Trade based on the velocity of price moving for a small profit with a large number of trades

Avatar
  • updated

I will present my ideas on how to trade by taking advantage of market volatility in a very fast time. by utilizing the speed of movement of the pip within a certain time which I call velocity. This strategy requires a data tick which is the smallest timeframe.


Image 1268

t1 = interval 1

t2 = interval 2

v1 = The average speed of the price during the last t1 minute (pips / second)

v2 = The average speed of the price during the last t2 seconds (pips / second)

acc = The limit by which a significant difference of v1 and v2 can be considered for opening a position

This strategy is expected to produce a high level of accuracy with small profits but a very large number of trades.

  • The prices used in the calculation are assumed to be the average of the bid and ask prices.
  • When calculating the average price speed, if the previous tick price was smaller than the current tick, the speed is added. If the previous tick price is greater than the current tick, the speed is reduced. As a sign of the direction of price movement. An example of calculating the average is on attachments.
  • If the difference between v1 and v2 is greater than acc%, then open a position
  • Trade can be closed by pip target or by time + spread
  • Requires very low latency
  • Expected to very helpful during unexpected sudden moves

Attachment:

example velocity calculation on 3 second

Avatar
0
Sai Pratap

Good idea.

But Trailing SL and profit booking shud be very important. Thanks.

Avatar
0
Hannes Waser

That is very interesting. I heard from some people that such approaches work (but not in its simple form - probably some scaling and money management will do the rest).

Do you have some evaluations or sources from blogs, where people state that this might work?

What TP do you aspire for a single trade? Given the spread, this might be an issue with most brokers.


Avatar
0
Sai Pratap
Quote from Hannes Waser

That is very interesting. I heard from some people that such approaches work (but not in its simple form - probably some scaling and money management will do the rest).

Do you have some evaluations or sources from blogs, where people state that this might work?

What TP do you aspire for a single trade? Given the spread, this might be an issue with most brokers.


Yes the set file may need custom optimization for each broker/setup.

Spread, latency, order execution time etc will impact a lot in these scenarios. Can result out to be very risky.

Avatar
1
Hannes Waser

Ohkay, if some of you are familiar with parallel diagrams, you will understand it right away. if not, here is a short explanation:

Each line running from very left to very right is one sample - measuring the ticker speed and look at the future prices after this measure.

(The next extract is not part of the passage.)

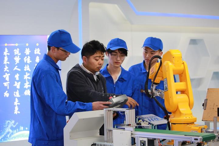 銅陵職業技術學院工業機器人技術專業學生在教師的指導下學習工業機器人操作技能。(潘偉 攝)
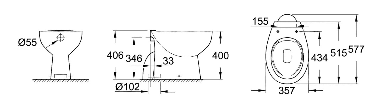 WC školjka Grohe BAU, talna, iztok v tla, rimless

After measuring the tick speed (12.th Nov 2020, EURUSD) the price after 5, 10, 20 and 30 ticks have been collected too. These values are represented by the "spot_5", "spot_10" etc columns. So If a line runs from the speed of 0.0002 to spot_50= 0.00000 that means, that after measuring the speed of 0.0002 the mid price (bid + (ask-bid)/2) was observed to be 0.00000.

The max_5, max_10 etc values are the maximal prices between the moment of the speed measurement and the time 5, 10 or 20 ticks later.

Now the question, is there some significant dependency between the speed and the future price?

You can play with the interactive (hiplot) chart I attached here.

In summary: From the experiment there is no significant dependency.

However, one might be there is we accumulate the speeds over an hour or so and derive statistics such as mean and stdev.

HiPlot Result

How to use: Select only larger speed values (drag and drop on the column) and see how these are distributed.

Now you see, that some of them are followed by higher prices, but most of them are not. So maybe this is rather an indication of price reversal if the speed is high...

PS: Here is how it looks as a sequence

Avatar
1
Hannes Waser

As expected, when we use larger time horizons (measuring the speed over last 10 seconds and check the price difference for the next 500 ticks), the result looks much  better.